Ainsi, selon cette mission, c’est la solitude du professionnel dans ce travail qui engendre sa souffrance et lui donne un sentiment d’insécurité, qui lui-même sera susceptible d’aboutir à une réponse inadaptée. De plus, depuis une quinzaine d’année, la crainte des conséquences juridiques d’un défaut de signalement de mineur en danger s’est développée.

L’un des médecins psychiatres évoquait les événements traumatiques (le plus souvent le décès du bébé) pour lesquels les équipes n’étaient pas « réparées » et qu’elles ne se sentaient pas capables d’affronter de nouveau. La position consiste alors à éviter les situations pour lesquelles le risque paraît trop important. Une auxiliaire de puériculture, dans un centre maternel, nous a ainsi expliqué le traumatisme subi par l’équipe quelques mois auparavant, un enfant a été brûlé dans sa chambre, sa mère l’ayant laissé seul en fermant la porte à clé, les secours ont été trop tardifs. A ma question, « avez-vous reçu une aide psychologique, enfin, l’ensemble du personnel,

après cet événement ? » elle m’a répondu que non.

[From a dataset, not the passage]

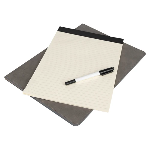 Set de Escritura con Carpeta tamaño A4 de Termo-PU con costura modelo "PHILLIP", interior block de apuntes con 80 hojas lineadas amarillas de 80g + pizarra blanca laminada + lápiz de tinta negra removible.

J’ai insisté, du fait que la structure

dispose de deux psychologues et assez surprise elle m’a dit « non, c’est pour les

patientes ». Cette maltraitance institutionnelle des personnels est frappante, alors

qu’aujourd’hui il est clair que tout événement traumatisant comme un décès dans une école entraîne la mise en place de groupes de parole ou d’aide psychologique pour l’ensemble des écoliers, parents et professionnels.

Une enquête du Conseil supérieur du travail social, ayant reçu plus de 20 000 réponses, exprime ainsi cette violence ressentie dans le cadre du travail : « Ce qui

semble alors le plus insupportable pour les travailleurs sociaux, ce qui les touche le plus directement, c’est la dévalorisation qu’ils peuvent ressentir sur le plan de la reconnaissance professionnelle : être en incapacité de répondre correctement à l’usager (16 %), vivre un sentiment d’impuissance (13 %), ne pas se sentir reconnu dans son travail (11 %), se sentir coupable (10 %) et être atteint dans l’estime de soi (7 %) » (Conseil supérieur du travail social, 2002), p.116.

En revenant en boomerang, ces peurs et ces représentations négatives des personnels vont amener des passages à l’acte, dans un souci de protection immédiate, avec des retraits d’enfants précipités, sans dialogue avec les parents.